Looks like nitrogen deficiency to me


----------



## sopappy (Nov 14, 2018)

not with that necrotic spotting... here's another pic  
Two strains, lost track. One strain hurting it seems, 
I'm going to try a kelp foliar at lights on tonight.
Here's another pic

rough looking bunch eh? they had a rough childhood

dammit, I did that pot thing again, used "rough" twice
see kids, pot's not all rosey, there's a price to pay
my theory is short term memory loss, 
I don't remember using the word one phrase later??.... 
ha! that's pretty bad


----------



## pcduck (Nov 14, 2018)

@sopappy 

Looks like lack of nitrogen to me.

Kelp is good but not enough to sustain a grow to completion.


----------



## sopappy (Nov 14, 2018)

yer missing the necrotic spotting

NITROGEN (N)
Pale plants, red stems, smaller growth. Rapid yellowing of lower leaves progressing up the plant. Add any chemical fertilizer containing N. Treated plants recover in about a week.
POTASSIUM (K)
Affected plants are usually tallest and appear to be most vigorous. Necrotic spots form on lower leaves. Red stems. Leaves appear pale or yellow.
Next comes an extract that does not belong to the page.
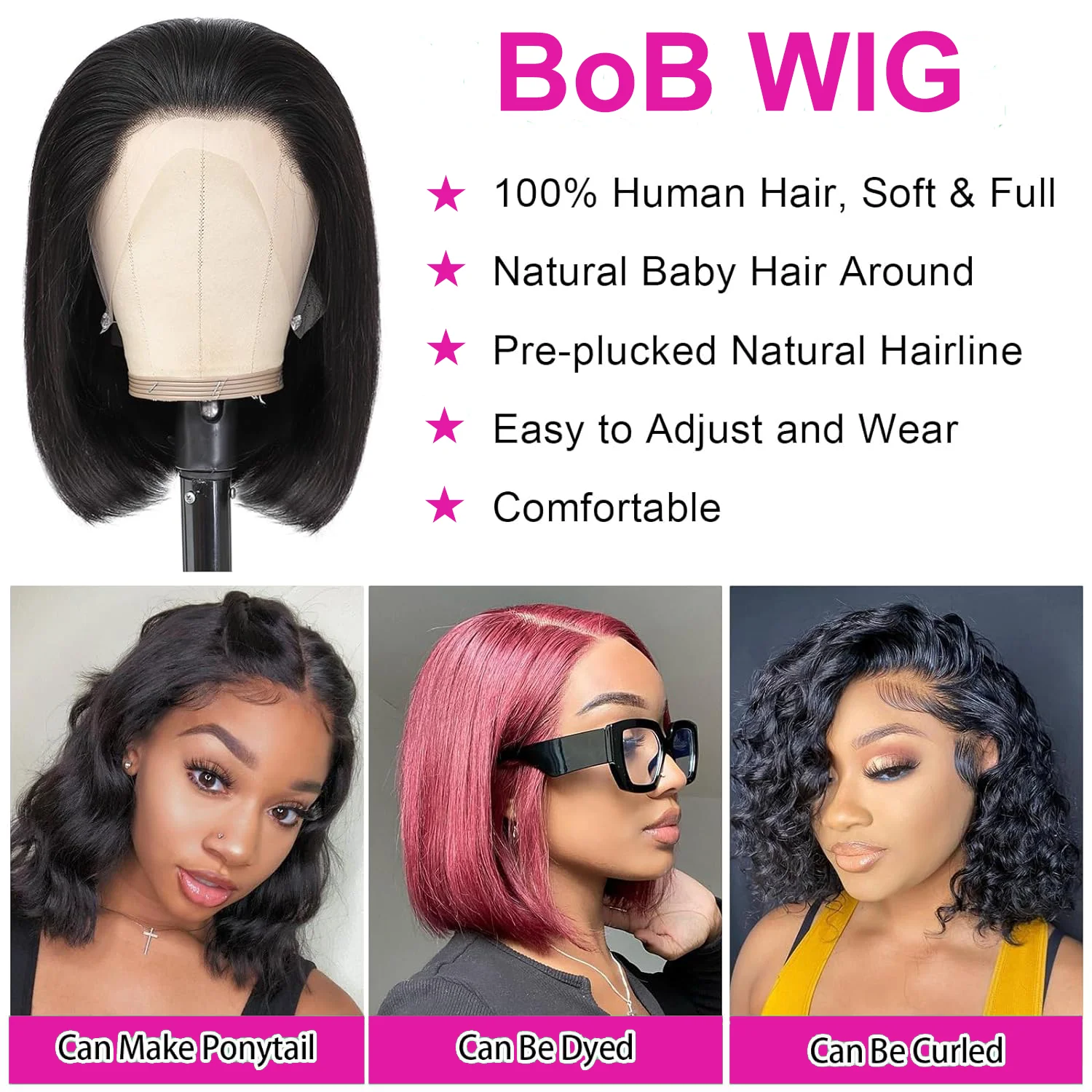 13X4 Lace Front Wig Pre Plucked Human Hair Wigs For Women Wigs Short Straight Bob Wigs Remy Brazilian Human Hair Wigs Sale 200%

Add chemical fertilizer containing K.

I don't want to add chemicals now, I'll check the foliar stickies for kelp
unless that could make it worse, they got tea with kelp added 3 days ago, still moist down there

these are BC bud and NL Skunk cross... I lost track of who's who
looks like one strain is unaffected


----------



## pcduck (Nov 14, 2018)

@sopappy

I would use different reference material, since you are growing organically. There are many organic solutions to your problem.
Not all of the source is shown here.